5 Things to Know About Microsoft Fabric
Microsoft has recently introduced a new offering in data storage and management, called Microsoft Fabric. Fabric presents and integrates several features, including a data lake, multiple compute setups, advanced data governance, and a wide application surface area. This blog post will give an overview of these core components.
OneLake: The Central Data Lake of Microsoft Fabric
OneLake is a key component of Microsoft Fabric, operating as a unified logical data lake. It's constructed on the robust foundation of Azure Data Lake Storage Gen2. Each Fabric tenant is provisioned with a OneLake instance, making it an integral part of the system much like a "OneDrive for data."
OneLake's approach to data storage involves storing all data as a single copy as Delta tables in Parquet format. This method, similar to Databricks' implementation, is an extension of the Parquet format, providing ACID (Atomicity, Consistency, Isolation, Durability) guarantees. Further, with the new Shortcuts feature, users can virtualize data from other cloud sources such as AWS S3, extending OneLake's data capabilities.

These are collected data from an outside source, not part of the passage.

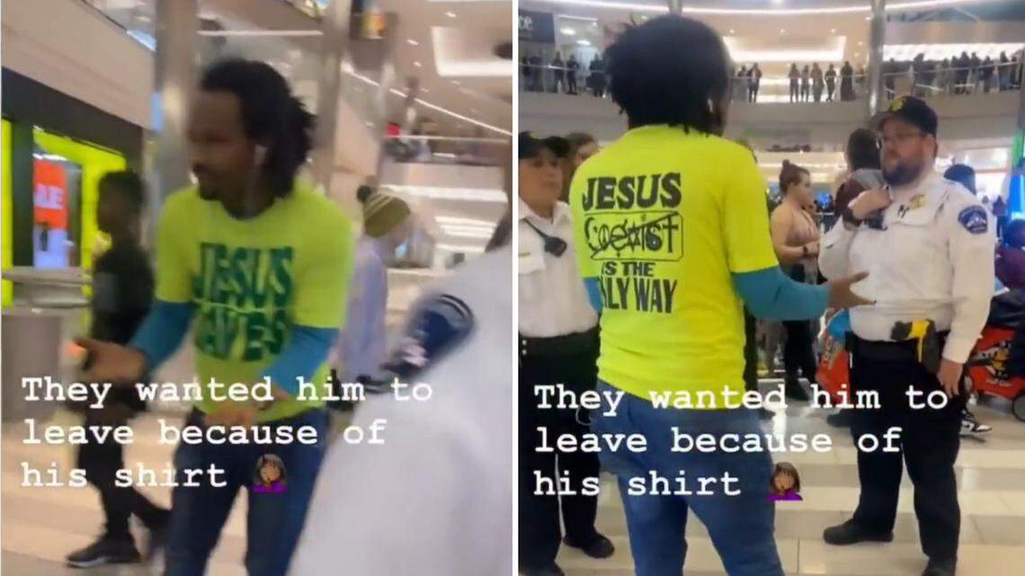 This story was originally published January 18, 2023 at 11:23 AM with the headline "Security guard calls mall visitor’s ‘Jesus Saves’ shirt offensive, Minnesota video shows."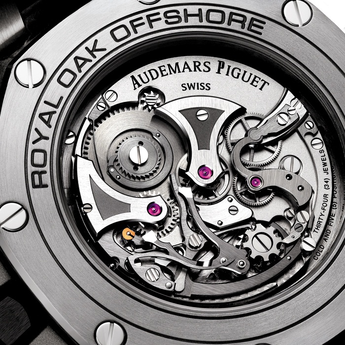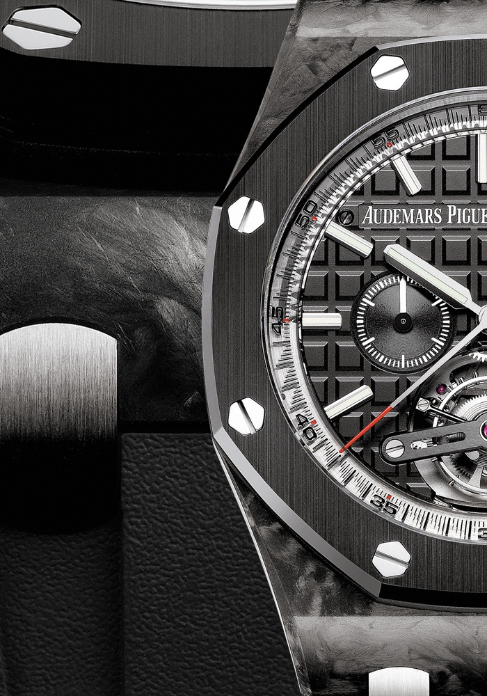 Авторы новинки с 42-мм корпусом стремились создать спортивные часы премиум-класса, которые были бы практически неуязвимы. Внутренняя оболочка из мягкого железа защищает механизм от воздействия магнитных полей; заводная головка и кнопки с каучуковым покрытием и видимая прокладка под завинчивающимся безелем гарантируют повышенную водонепроницаемость часов, а большое количество металла в корпусе обеспечивает механизму с автоподзаводом надежную защиту. Очень быстро модель Royal Oak Offshore получила статус культовой среди ценителей часового искусства и вошла в ряд самых значительных часовых произведений современности. Были выпущены их разнообразные версии, каждая из которых сохраняет подлинный характер исторической модели. Одна из самых удивительных таких версий – вышедшая в 2010 году первая модель ROO Tourbillon Chronograph с механизмом с ручным заводом и корпусом, в котором применены керамика и кованый карбон. Четыре года спустя Audemars Piguet представляет совершенно новый хронограф Royal Oak Offshore Tourbillon Chronograph. В нем используется только что вышедший автоматический калибр 2897, разработанный специально для этой модели. Калибр 2897, столь же великолепный, как и часы в целом, насчитывает 335 деталей. Этот шедевр микромеханики хорошо виден через заднюю крышку из сапфирового стекла. Примененные к его деталям операции по снятию фасок, полировке, скашиванию углов и декоративной отделке, полностью выполненные вручную, создают завораживающую игру света и тени. Не менее интересен калибр 2897 и с технической точки зрения: модуль автоподзавода приводится в движение периферийным ротором из платины 950 пробы с матовой отделкой. Механизм часов просматривается как через специальное окошко в положении «1 час», так и за ротором, вращающимся со стороны циферблата. Исключительная точность хода механизма обеспечивается, помимо прочего, применением турбийона и системы колонного колеса, считающегося самым точным и надежным среди всех вариантов хронографа. Чтобы защитить великолепный «двигатель» часов, дизайнеры Audemars Piguet создали специальную версию корпуса Royal Oak Offshore с использованием современных материалов черного цвета: кованого карбона для средней части, керамики для безеля, титана и керамики для кнопок, каучука для ремешка. Royal Oak Offshore Selfwinding Tourbillon Chronograph – превосходное сочетание традиционного часового мастерства и ультрасовременных решений. Механизм спроектирован, разработан и произведен собственными силами Калибр 2897 полностью создан в стенах компании Audemars Piguet с применением последних технологических достижений и методов традиционного часового мастерства, которое компания развивает уже почти 140 лет. Каждая деталь – от мостов округлой формы и S-образного рычага кулачковой муфты, традиционно применяемого в часах из Валле-де-Жу, до изогнутых линий моста минутного счетчика и характерного контура зубцов колонного колеса – демонстрирует настолько изысканную эстетику, воплощенную в металле, что забываешь, что перед нами высокоточный механизм, отмеряющий время с точностью до долей секунды. Audemars Piguet – один из немногих часовых производителей высшей категории, которые по-прежнему применяют такие классические виды отделки, как зеркальная полировка, скашивание углов вручную, круговое зернение и штриховое матирование вручную. Каждый из них предполагает целую серию тщ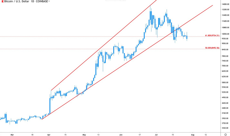 在过去的两周内,比特币在 13739 美元和 13177 美元附近形成了“双顶结构”,随后价格跌至 9600 美元颈线附近;此外,从 4000 美元开始的上升通道也已经被打破,形成看跌格局,如下所示: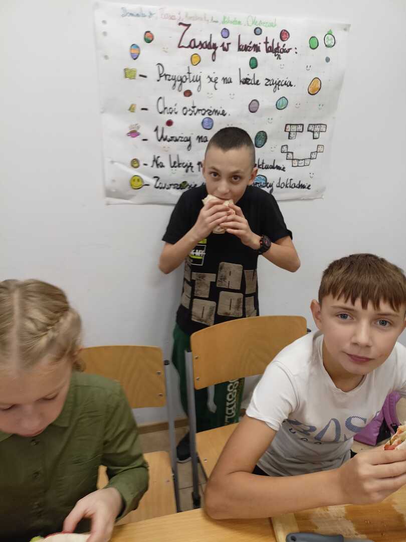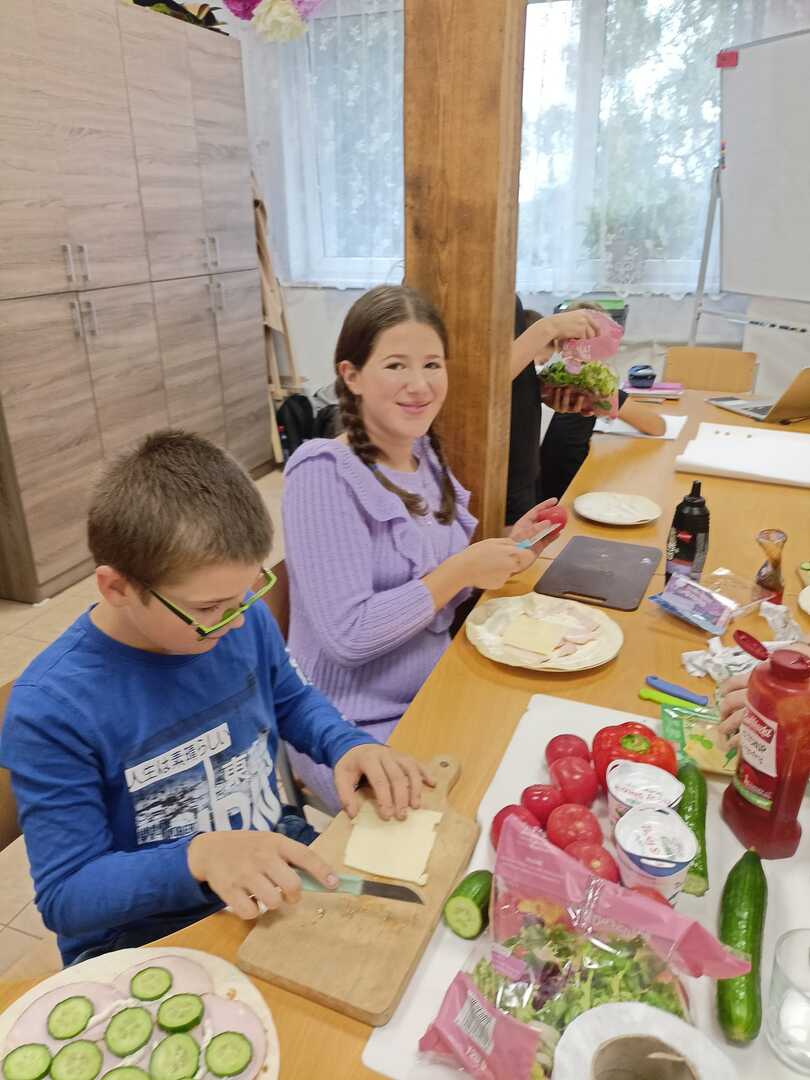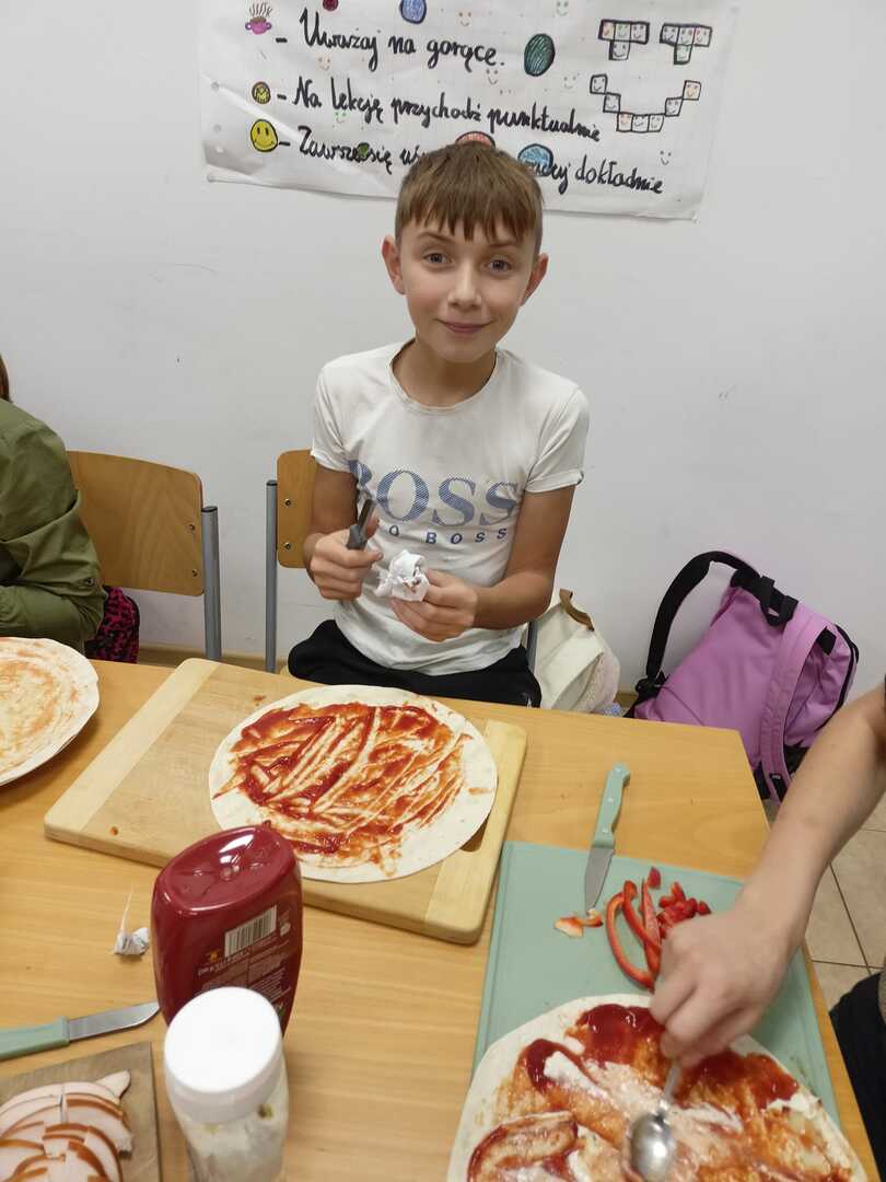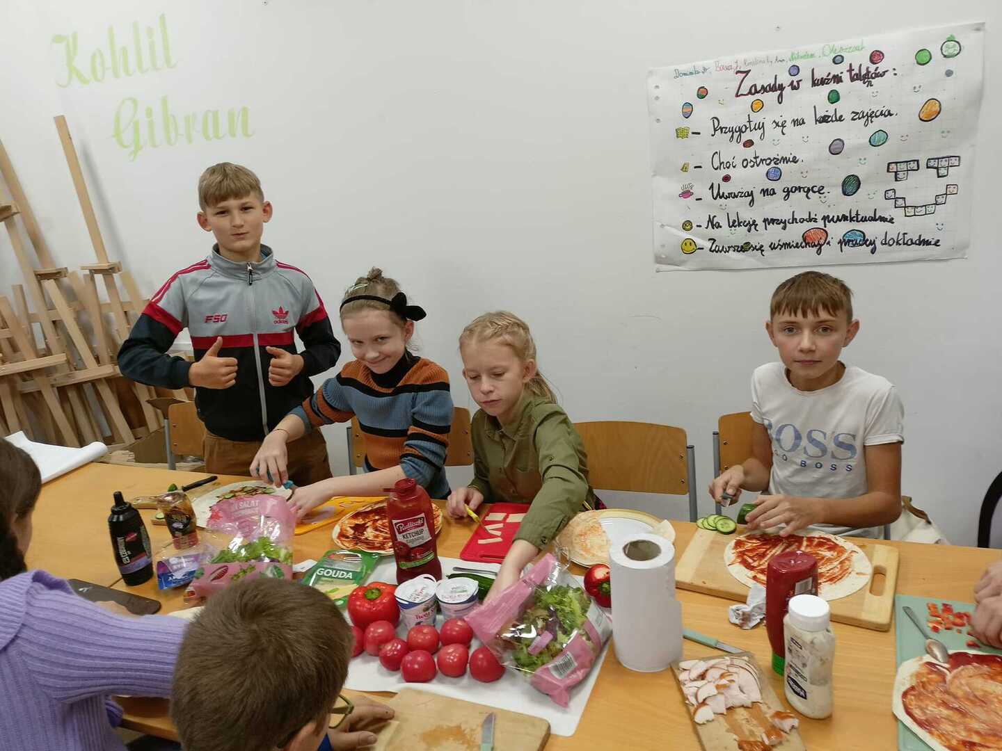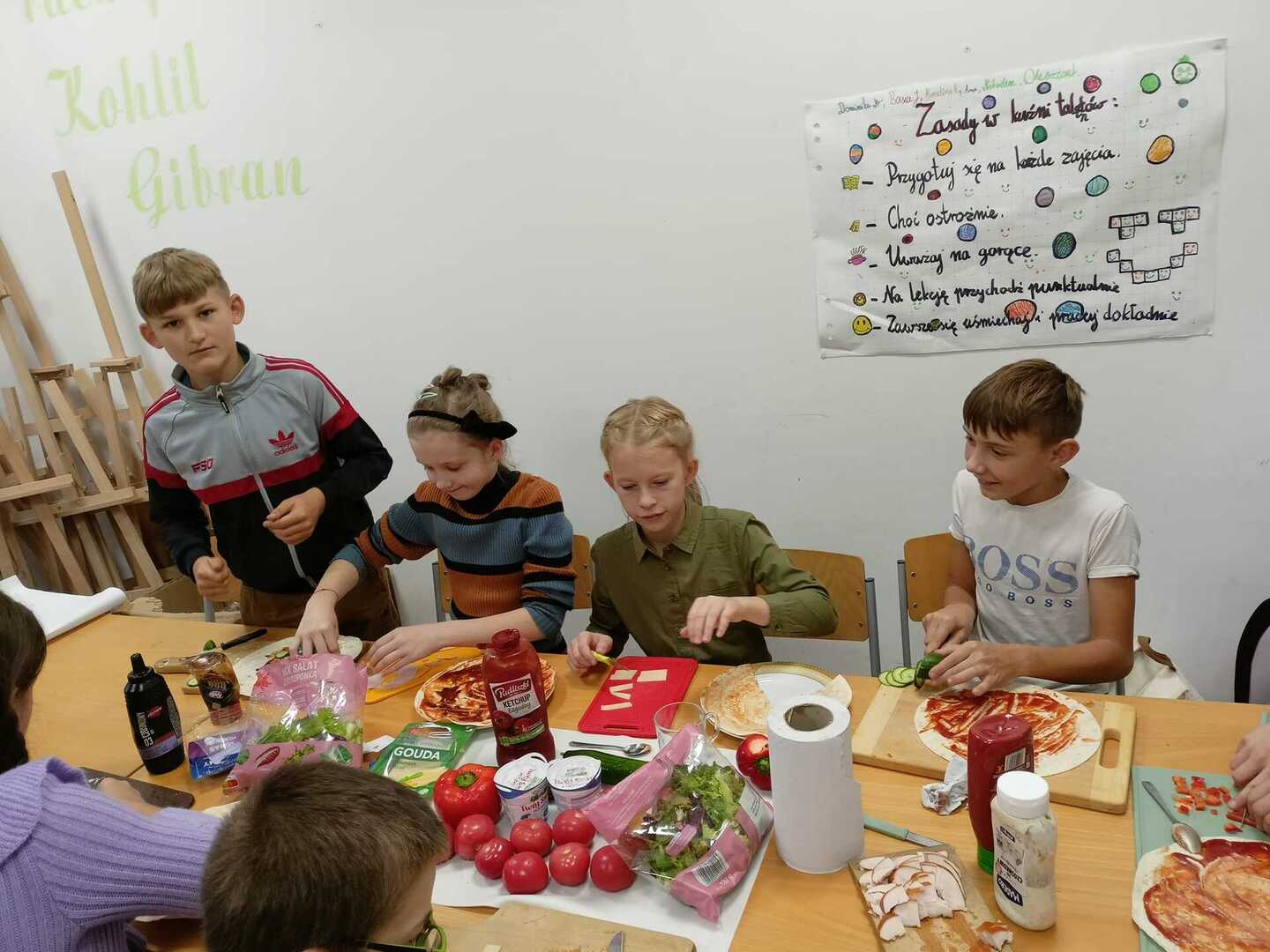 Na zajęciach rozwijających kreatywność uczniów doskonalimy swoje umiejętności kulinarne, ale również dbamy o zdrowe nawyki żywieniowe. Dziś przygotowywaliśmy tortille z dużą ilością warzyw, twarożkiem, kurczakiem, serem. Spożywaliśmy je zarówno na zimno jak i na ciepło.

Versatility in Compute Options
OneLake is designed within Microsoft Fabric to support a range of compute engines, encompassing T-SQL, Spark, KQL, and Analysis Services. This versatility allows users to select the compute engine most suited to their particular needs, promoting adaptability in data operations.
Emphasizing Data Governance with One Security Model
Fabric has taken a define-one-enforce-everywhere approach to data management and governance. User-crafted security definitions coexist with the data, ensuring a uniform application of security measures across all compute engines. This method aligns with the concept of a "data mesh," fostering logical organization and management of data, thereby enabling different business groups within an organization to have control over their own data.
Broad Application Scope Across Workloads
The application scope within Fabric supports a broad set of functionality across data engineering, data analysis, and data science. It includes support for Data Factory for visual ELT/ETL, Synapse Data Engineering for complex transformations using SQL and Spark, Synapse Data Science for machine learning development, Real-Time Analytics for streaming data processing using KQL, and Synapse Data Warehousing for SQL operations over columnar databases.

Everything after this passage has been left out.